• **Available data**
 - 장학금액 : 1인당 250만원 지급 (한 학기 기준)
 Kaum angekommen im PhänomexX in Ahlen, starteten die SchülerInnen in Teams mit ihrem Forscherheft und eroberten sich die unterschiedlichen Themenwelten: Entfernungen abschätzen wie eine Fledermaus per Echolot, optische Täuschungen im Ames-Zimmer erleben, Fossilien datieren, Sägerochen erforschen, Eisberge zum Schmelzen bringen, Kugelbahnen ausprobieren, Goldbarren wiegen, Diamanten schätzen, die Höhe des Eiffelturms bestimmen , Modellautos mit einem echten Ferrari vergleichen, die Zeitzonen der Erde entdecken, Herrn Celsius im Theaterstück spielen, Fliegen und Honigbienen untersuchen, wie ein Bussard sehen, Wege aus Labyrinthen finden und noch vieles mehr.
* * *
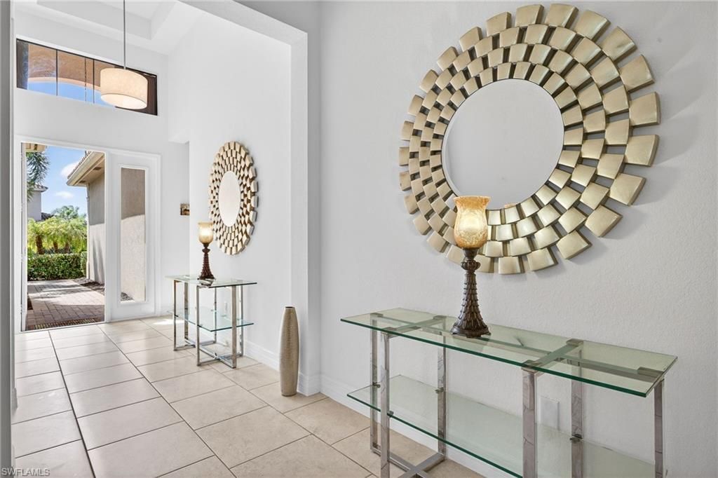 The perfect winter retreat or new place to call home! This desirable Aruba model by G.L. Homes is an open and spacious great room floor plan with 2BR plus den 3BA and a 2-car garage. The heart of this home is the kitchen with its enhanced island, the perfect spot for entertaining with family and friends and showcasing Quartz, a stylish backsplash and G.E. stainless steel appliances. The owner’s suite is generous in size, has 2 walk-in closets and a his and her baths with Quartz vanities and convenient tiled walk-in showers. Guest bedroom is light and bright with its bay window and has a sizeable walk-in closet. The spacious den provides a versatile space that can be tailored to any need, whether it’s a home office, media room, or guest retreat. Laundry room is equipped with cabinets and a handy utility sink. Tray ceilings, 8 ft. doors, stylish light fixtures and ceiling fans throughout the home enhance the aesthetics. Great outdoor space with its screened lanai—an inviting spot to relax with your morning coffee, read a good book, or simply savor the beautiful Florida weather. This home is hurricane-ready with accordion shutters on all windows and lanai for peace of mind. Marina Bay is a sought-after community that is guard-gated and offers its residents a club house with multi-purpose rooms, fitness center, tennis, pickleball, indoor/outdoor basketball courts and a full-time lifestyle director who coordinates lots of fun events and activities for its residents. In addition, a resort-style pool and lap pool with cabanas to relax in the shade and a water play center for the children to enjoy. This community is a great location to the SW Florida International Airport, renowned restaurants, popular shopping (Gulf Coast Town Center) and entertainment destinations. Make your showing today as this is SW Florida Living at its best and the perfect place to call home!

• **Exercise aim**
Print again the lines of the entries above that fall between the line holding "- 장학금액 : 1인당 250만원 지급 (한 학기 기준)" and the line holding "Kaum angekommen im", inclusive, exactly as they stand.

• **Reply**
 - 장학금액 : 1인당 250만원 지급 (한 학기 기준)
 Kaum angekommen im PhänomexX in Ahlen, starteten die SchülerInnen in Teams mit ihrem Forscherheft und eroberten sich die unterschiedlichen Themenwelten: Entfernungen abschätzen wie eine Fledermaus per Echolot, optische Täuschungen im Ames-Zimmer erleben, Fossilien datieren, Sägerochen erforschen, Eisberge zum Schmelzen bringen, Kugelbahnen ausprobieren, Goldbarren wiegen, Diamanten schätzen, die Höhe des Eiffelturms bestimmen , Modellautos mit einem echten Ferrari vergleichen, die Zeitzonen der Erde entdecken, Herrn Celsius im Theaterstück spielen, Fliegen und Honigbienen untersuchen, wie ein Bussard sehen, Wege aus Labyrinthen finden und noch vieles mehr.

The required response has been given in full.